Although often suitable when parsing complex inputs, state machines
demand high cognitive load. The input you're parsing, on the other
hand, is straightforward and can easily be processed with a simple
sequential parser, which is easier to reason about and review for
correctness. For instance, something like this:

    while (*s) {
        /* collect language tag */
        for (; *s && *s != '.' && *s != '@' && *s != ':'; s++)
            strbuf_addch(buf, *s == '_' ? '-' : *s);

        /* skip .codeset and @modifier */
        while (*s && *s != ':')
            s++;

        strbuf_addf(buf, q_format, q);
        ... other bookkeeping ...

        if (*s == ':')
            s++;
    }

This example is intentionally simplified but illustrates the general
idea.
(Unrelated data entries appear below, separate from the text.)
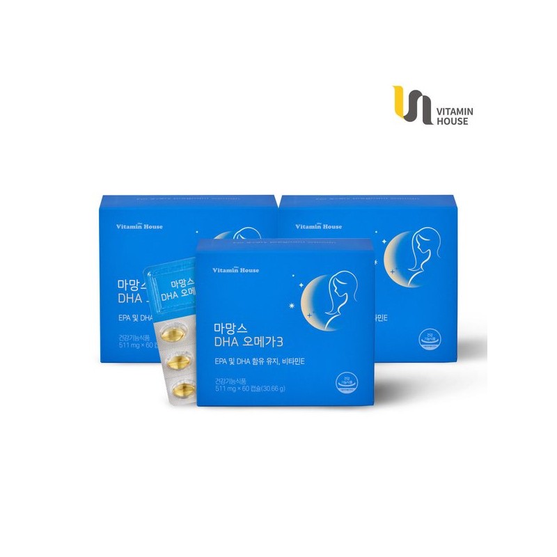 Vitamin House 마망스 DHA 오메가3 60캡슐 3박스 (3개월분) Mamans DHA Omega-3 60 Capsules 3 Boxes (3 Months Supply)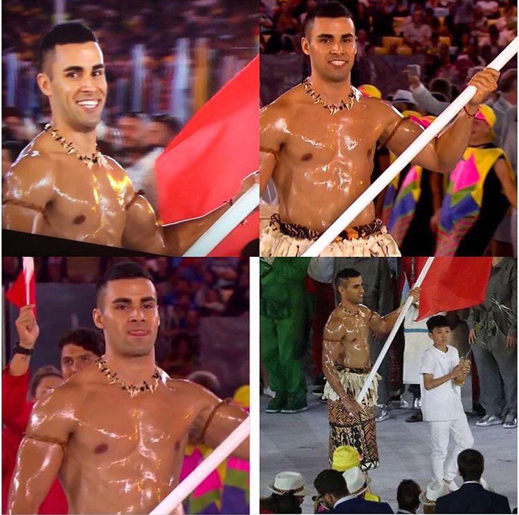 TONGA: WITH ABS LIKE THAT WHO NEEDS A UNIFORM? Tongan flagbearer Pita Taufatofua and his well oiled torso became the stars of the athletes’ parade.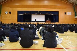 3年次生が自宅学習に入り、1・2年次生のみの全校集会になりました。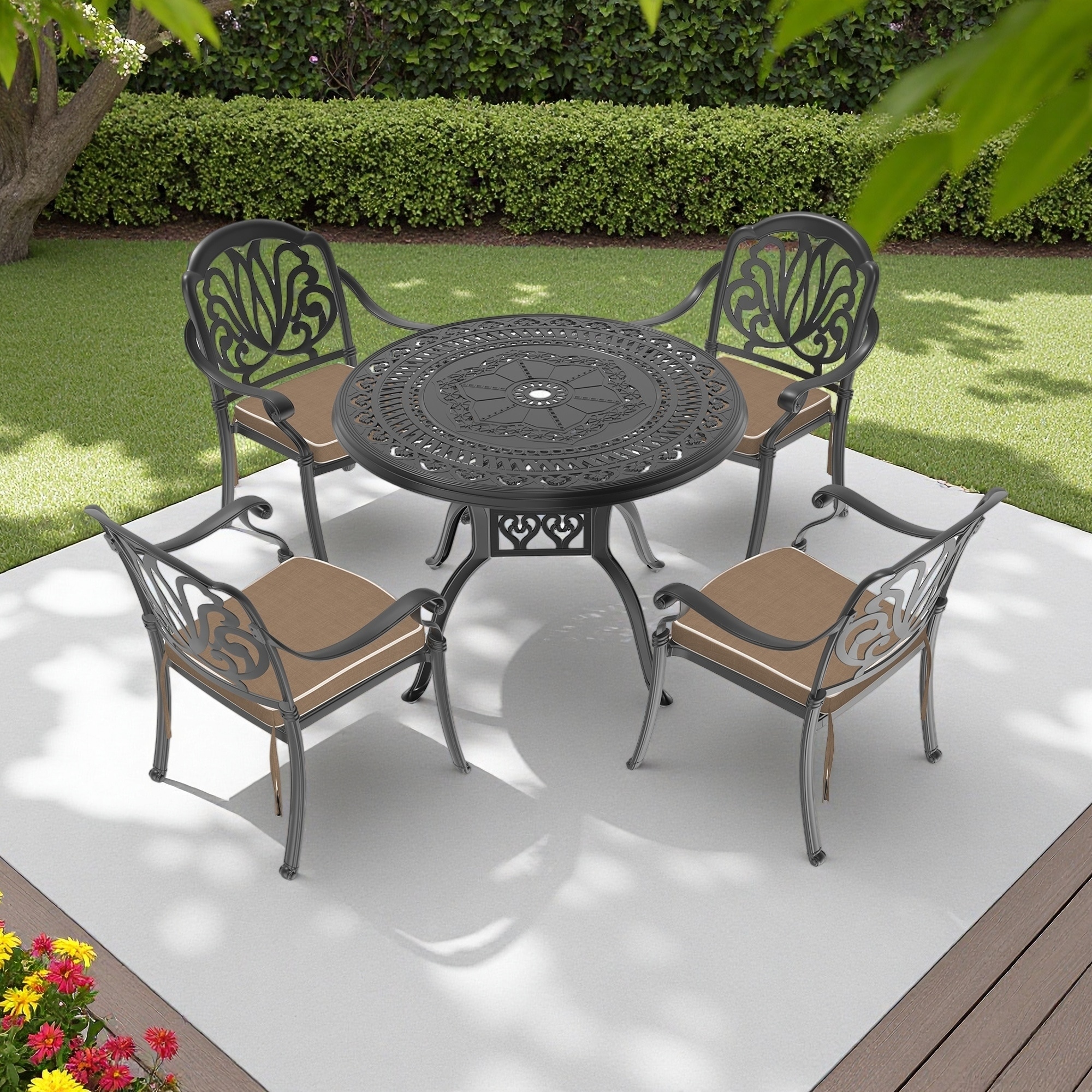 5-Piece Outdoor Patio Aluminum Dining Set with Square Table and 4 Stacking Chairs with Cushions

It lacks comma insertion (left as an exercise for the reader)
and empty language tag handling (":en", "en::ko"); and doesn't take
whitespace into consideration since it wasn't clear why your v6 parser
pays attention to embedded spaces, whereas your earlier versions did
not.

> +       /* Don't add Accept-Language header if no language is preferred. */
> +       if (q >= max_q) {
> +               strbuf_reset(buf);
> +               return;
> +       }
> +
> +       /* Add '*' with minimum q-factor greater than 0.0. */
> +       strbuf_addstr(buf, ", *");
> +       strbuf_addf(buf, q_format, 1);
> +}
> +
> +/*
> + * Get an Accept-Language header which indicates user's preferred languages.
> + *
> + * This function always return non-NULL string as strbuf_detach() does.

A couple comments:

It's not necessary to explain the public API in terms of an
implementation detail. Callers of this function don't care and don't
need to know that the value was constructed via strbuf, nor that it is
somehow dependent upon the behavior of the underlying implementation
of strbuf_detach().

This is a somewhat unusual contract. It's much more common and
idiomatic in C to return NULL as an indication of "no preference" (or
"failure") than to return an empty string.

> + *
> + * Examples:
> + *   LANGUAGE= -> ""
> + *   LANGUAGE=ko:en -> "Accept-Language: ko, en; q=0.9, *; q=0.1"
> + *   LANGUAGE=ko_KR.UTF-8:sr@latin -> "Accept-Language: ko-KR, sr; q=0.9, *; q=0.1"
> + *   LANGUAGE=ko LANG=en_US.UTF-8 -> "Accept-Language: ko, *; q=0.1"
> + *   LANGUAGE= LANG=en_US.UTF-8 -> "Accept-Language: en-US, *; q=0.1"
> + *   LANGUAGE= LANG=C -> ""
> + */
> +static const char *get_accept_language(void)
> +{
> +       if (!cached_accept_language) {
> +               struct strbuf buf = STRBUF_INIT;
> +               write_accept_language(&buf);
> +               cached_accept_language = strbuf_detach(&buf, NULL);
> +               strbuf_release(&buf);

Junio already mentioned that strbuf_release() is unnecessary following
strbuf_detach().

> +       }
> +
> +       return cached_accept_language;
> +}
> +
>  /* http_request() targets */
>  #define HTTP_REQUEST_STRBUF    0
>  #define HTTP_REQUEST_FILE      1